- **Collected data**:
___

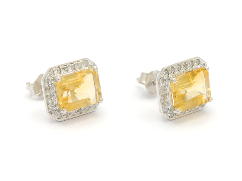 EARRINGS, 14K white gold, 2 citrines approx 3,00 ctw, 44 single cut diamonds approx Cr/ P, weight 2,3 g, backings in silver
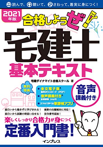 2021年版の『合格しようぜ! 宅建士 基本テキスト音声講義付き』は、重要ポイントをまとめたテキストと、単語帳アプリがセットになっています。音声講義で学習効果を高め、宅建士試験合格をサポートします。
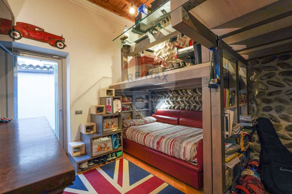 La zona notte comprende una camera padronale con un letto a baldacchino, la seconda camera e un bagno di servizio con box doccia in vetro.

___

- **Exercise**:
Return the whole listing word for word. Pictures stay out of it.

- **Response box**:
 EARRINGS, 14K white gold, 2 citrines approx 3,00 ctw, 44 single cut diamonds approx Cr/ P, weight 2,3 g, backings in silver
 2021年版の『合格しようぜ! 宅建士 基本テキスト音声講義付き』は、重要ポイントをまとめたテキストと、単語帳アプリがセットになっています。音声講義で学習効果を高め、宅建士試験合格をサポートします。
 La zona notte comprende una camera padronale con un letto a baldacchino, la seconda camera e un bagno di servizio con box doccia in vetro.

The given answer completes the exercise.